Work required
For the entries below, return the line holding "今年のパンビオの寄せ植えはア" together with all lines after it, unchanged, and leave every picture out.

Source information
*** Begin section ***
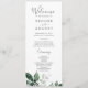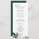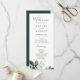 Ce programme de mariage vert émeraude est parfait pour un mariage de boho. Le design élégant et rustique présente des feuilles d'aquarelle vert foncé moody et des eucalyptus aux tons bohèmes modernes. Inclure le nom de la mariée et du marié, la date et le lieu du mariage, le message de remerciement, l'ordre de service, la fête de la mariée et un mémorial optionnel "en mémoire d'amour".
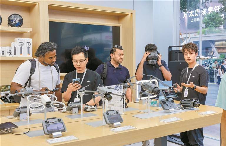 作为“中国电子第一街”“新质生产力策源第一街”,华强北背后连接着深圳、东莞、佛山、中山等地完整的制造体系。大量广东制造的新产品在这里上新。据统计,华强北商圈年交易额超4800亿元,其中智能终端、无人机、机器人等新质生产力相关产品占比持续提升,成为消费增长的重要支撑。
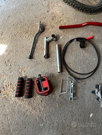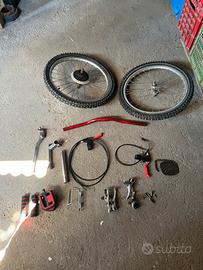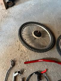 Due ruote da 20 anteriore e posteriore 6 velocità, manubrio rosso , attacco manubrio cromato , manopole rosse e nere , leve e fili dei freni anteriore e posteriore , cavallerro , catena e falza maglia , petali rossi e neri , porta borraccia , tubbo sella
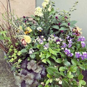 今年のパンビオの寄せ植えはアルバルーチェ、ビオレッタメインに♡ チェッカーベリーのホワイト♡
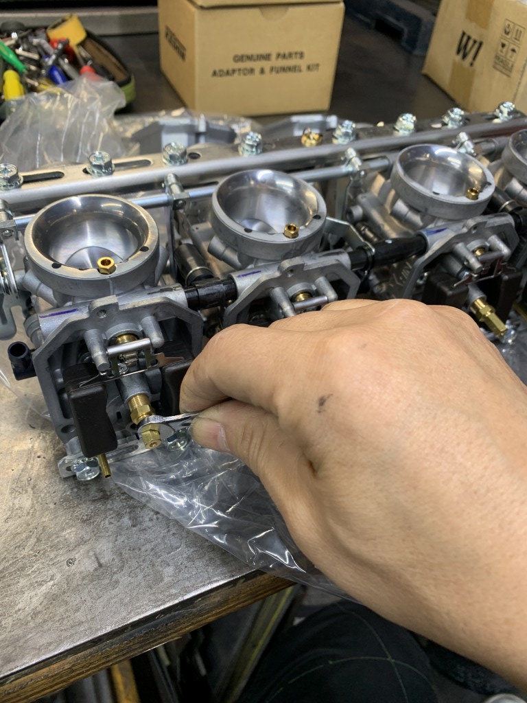 組付け前に内部のセッティングを確認します。ジェット類は一旦緩めて締め直しておくと、セッティングの際に作業性が良くなります。
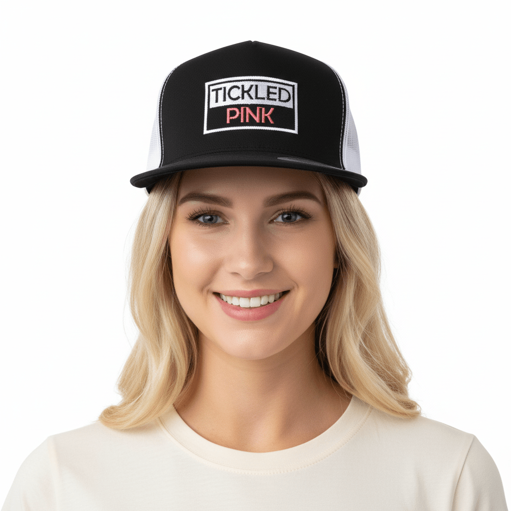 THIGHBRUSH® "Tickled Pink" Flat Bill Trucker Snapback Hat in Black and White with Rectangular "Tickled Pink" Patch Embroidered on the Front. White Mesh Back. 5-Panel. Adjustable Plastic Backstrap.
*** End section ***
Output of the exercise
 今年のパンビオの寄せ植えはアルバルーチェ、ビオレッタメインに♡ チェッカーベリーのホワイト♡
 組付け前に内部のセッティングを確認します。ジェット類は一旦緩めて締め直しておくと、セッティングの際に作業性が良くなります。
 THIGHBRUSH® "Tickled Pink" Flat Bill Trucker Snapback Hat in Black and White with Rectangular "Tickled Pink" Patch Embroidered on the Front. White Mesh Back. 5-Panel. Adjustable Plastic Backstrap.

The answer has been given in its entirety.